MV: Oh sure—but it was never anything I would do consciously. I just did, and still do, what feels good. I really liked the minimalism of early acid house; people use very little means and a couple of small instruments, like synths and drum machines, to create this hypnotic, repetitious thing. To me it sounded like a continuation of what minimal composers had been developing, and what many other composers were exploring in the ’70s. It combined that with the simplest rhythms in a way that was considered “too primitive” before. There was suddenly a whole underground movement doing it, and it felt really fresh and new, and at that time it was really an underground thing.

A: It’s the same for me. There was a time when all I was listening to was Carl Craig, Derrick May, Juan Atkins and so on—rich sounds, funky basslines, and extremely cosmic vibes in terms of space and escapism. And then it occurred to me that I just didn’t want to make tunes like that. I decided early on that my aim was to split the sounds and remake interpretations of it and the other music I loved. At the time there was no real sophistication to the music. I was using a Roland 303 groove box with a few EFX processors. A very minimal setup attuned my ear to lean towards a particularly lo-fi sound—grey and blue sounds.

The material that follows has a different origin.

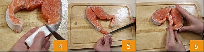 Remove the skin along the outer lateral edges of your salmon slice by making an incision with the tip of a knife at a height of about 2 to 2.5 inches 4, then proceed horizontally with the blade to remove all the skin 5; be careful not to waste too much flesh during this operation. Now fold the skinless lateral edges of flesh inwards 6,

MV: Influences are a strange thing. I can never really point out a direct influence from my environment. I lived in London at the end of the ’90s as well, but where I live doesn’t affect what I’m doing. My influences come from paintings, a book or a movie. I like to read and I read a lot, but it happens slowly, and I always read many books at the same time. It’s a lot like music; I choose what to work on or continue depending on any number of factors.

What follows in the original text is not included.